FORT LAUDERDALE – Some drivers say it's a never-ending line of traffic on Interstate 95. Even at off-peak hours, the interstate has been known to be packed, frustrating drivers to no end. "It's a catastrophe!" said driver Deborah Brown. "It's the worst experience I ever had!" exclaimed another I-95 driver.
The construction on the interstate in Broward County doesn't help the flow - at least not now, but when it's done it supposed to make things a lot better. Crews are building express toll lanes throughout south Broward, just like the lanes in Miami-Dade.
Jay Weinstein uses those lanes every day. "Generally," Weinstein says, "I would say my experiences have been pretty positive on I-95."
The toll lanes are already in place from the 112 Expressway to the Golden Glades.
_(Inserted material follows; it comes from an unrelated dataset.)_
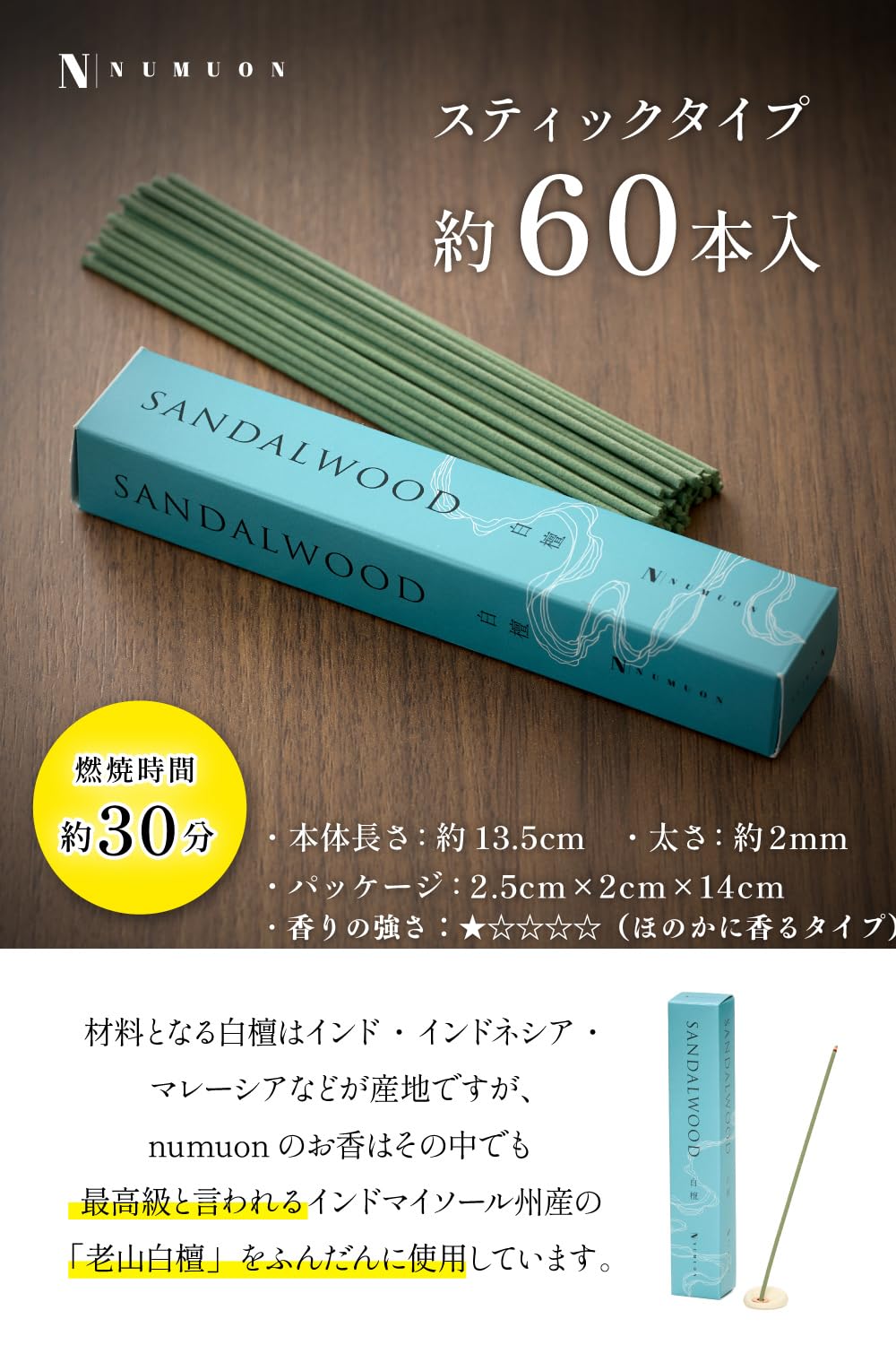 【商品詳細】◆スティックタイプ約60本入 ◆香り:白檀 ◆主原料:インドマイソール州産「老山白檀」 ◆産地:兵庫県淡路島 ◆燃焼時間:1本約30分 ◆本体長さ:約13.5cm、太さ:約2mm ◆パッケージ:2.5cm×2cm×14cm ◆ブランド名:numuon ◆安心してお試しいただけるよう30日間の返品がついております。※お香立は付属しておりません。あらかじめご準備してからご使用ください。

Construction is underway from the Golden Glades to Broward Boulevard. When the project is done, it will stretch from just above downtown Miami to Downtown Fort Lauderdale. "I think that's a good idea," Weinstein continued. "I think it's been positive in Miami-Dade County. I think it will be helpful to drivers in Broward as well."
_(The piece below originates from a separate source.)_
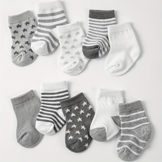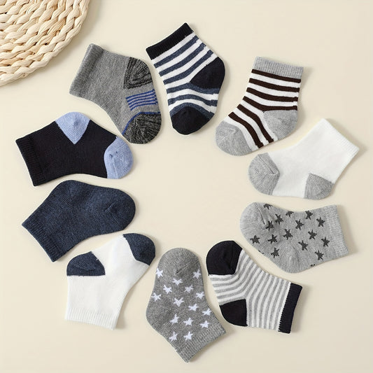 10 հատ տղաների միջին հորթի գուլպաներ - աստղային, գծավոր և գունավոր բլոկի նախշեր, փափուկ տրիկոտաժե գործվածք, բոլոր սեզոնային հարմարավետություն երիտասարդների և երիտասարդների համար, երիտասարդների գուլպաներ

The U.S. Secretary of Transportation was in South Florida touring the project along with several South Florida congressional members including Representative Alcee Hastings, Debbie Wasserman Schultz and Lois Frankel.
They're pushing the President's call for more projects that improve infrastructure and get traffic moving better than it does now.
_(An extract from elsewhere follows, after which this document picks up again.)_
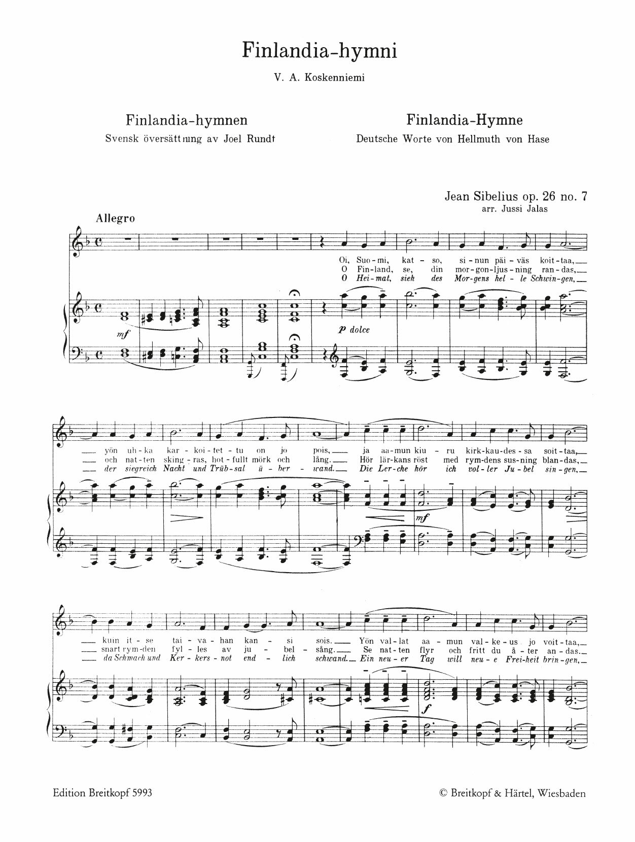 Oi Suomi, katso, sinun päiväs koittaa / O Finland, se, din morgonljusning randas – Hymne über ein Thema aus Finlandia op. 26 [mSt,Klav] Dauer: 2'

"There are lots of moms and dads who miss tucking their kids into bed at night," said U.S. Representative Debbie Wasserman Schultz from Weston, "or don't get home for dinner with the family because they are mired in frustrating traffic."
When complete, the lanes will work like they do in Miami-Dade County, buses and carpools will ride for free and others will pay tolls that get more expensive as traffic builds. The idea is to make traffic move better in both free and toll lanes.
Not everyone's sold on the idea. "They can just expand the roads, give us more lanes," suggests Brown. "Just make it wider. But the tolls, I don't agree with the tolls."
The second phase of the 95 Express project in Broward County should be complete later in 2014 and the rest of the project by April of 2015, said officials to CBS4's Ted Scouten.
Officials added recent numbers show, by 2030, traffic volumes on I-95 could exceed 360,000 vehicles per day.
After that, crews will begin adding toll lanes from Broward Boulevard to Delray Beach.
Eventually, the lanes will stretch up to West Palm Beach.